- TRY IT
What is needed is the exact text of each line in the listing below from the one with "为了帮助师范生了解生成式人工" up to and including the one with "หนุ่มสุรินทร์วัย 28 ปี", and no pictures.

- Opening Delimiter -

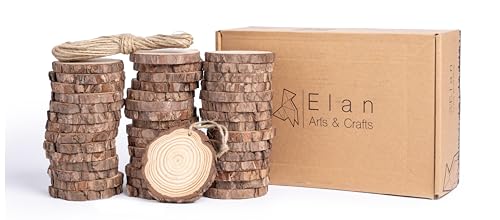 50 st naturliga träskivor 6-7 cm oavslutade förborrade träskivor träcirklar med naturligt jutesnöre för gör-det-själv-hantverk juldekorationer prydnader
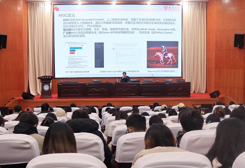 为了帮助师范生了解生成式人工智能在教育应用方面的相关知识,提高师范专业员工的综合能力,12月11日下午,扬州大学新闻与传媒公司张浩教授以“生成式人工智能教育应用现状与思考”为主题,为21级汉语言文学(师范)全体员工开设学术讲座。
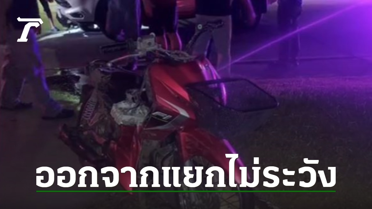หนุ่มสุรินทร์วัย 28 ปี ขับ จยย.พุ่งออกจากแยกกระทันหัน-ไม่ระวังรถทางตรง ถูกรถยนต์เอสยูวีป้ายแดงพุ่งชน กระเด็นโดนเก๋งนอนแน่นิ่งคาถนน จนท.สุดยื้อเสียชีวิตคาที่
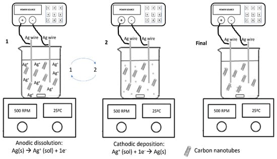 - Brandão, A.T.S.C.; Rosoiu, S.; Costa, R.; Silva, A.F.; Anicai, L.; Pereira, C.M.; Enachescu, M. Dispersion Stability of MWCNTs Decorated with Ag Nanoparticles through Pulse-Reversed Current Electrodeposition Using a Deep Eutectic Solvent. Mater. Proc. 2022, 9, 29. [Google Scholar]
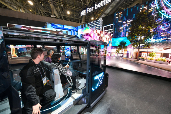 지난 CES 2023에서 관람객들이 현대모비스의 유망 특허 기술들이 탑재된 미래형 콘셉트카 엠비전 시리즈를 체험하고 있는 모습. ⓒ 현대모비스

- Closing Delimiter -

- TASK RESPONSE
 为了帮助师范生了解生成式人工智能在教育应用方面的相关知识,提高师范专业员工的综合能力,12月11日下午,扬州大学新闻与传媒公司张浩教授以“生成式人工智能教育应用现状与思考”为主题,为21级汉语言文学(师范)全体员工开设学术讲座。
หนุ่มสุรินทร์วัย 28 ปี ขับ จยย.พุ่งออกจากแยกกระทันหัน-ไม่ระวังรถทางตรง ถูกรถยนต์เอสยูวีป้ายแดงพุ่งชน กระเด็นโดนเก๋งนอนแน่นิ่งคาถนน จนท.สุดยื้อเสียชีวิตคาที่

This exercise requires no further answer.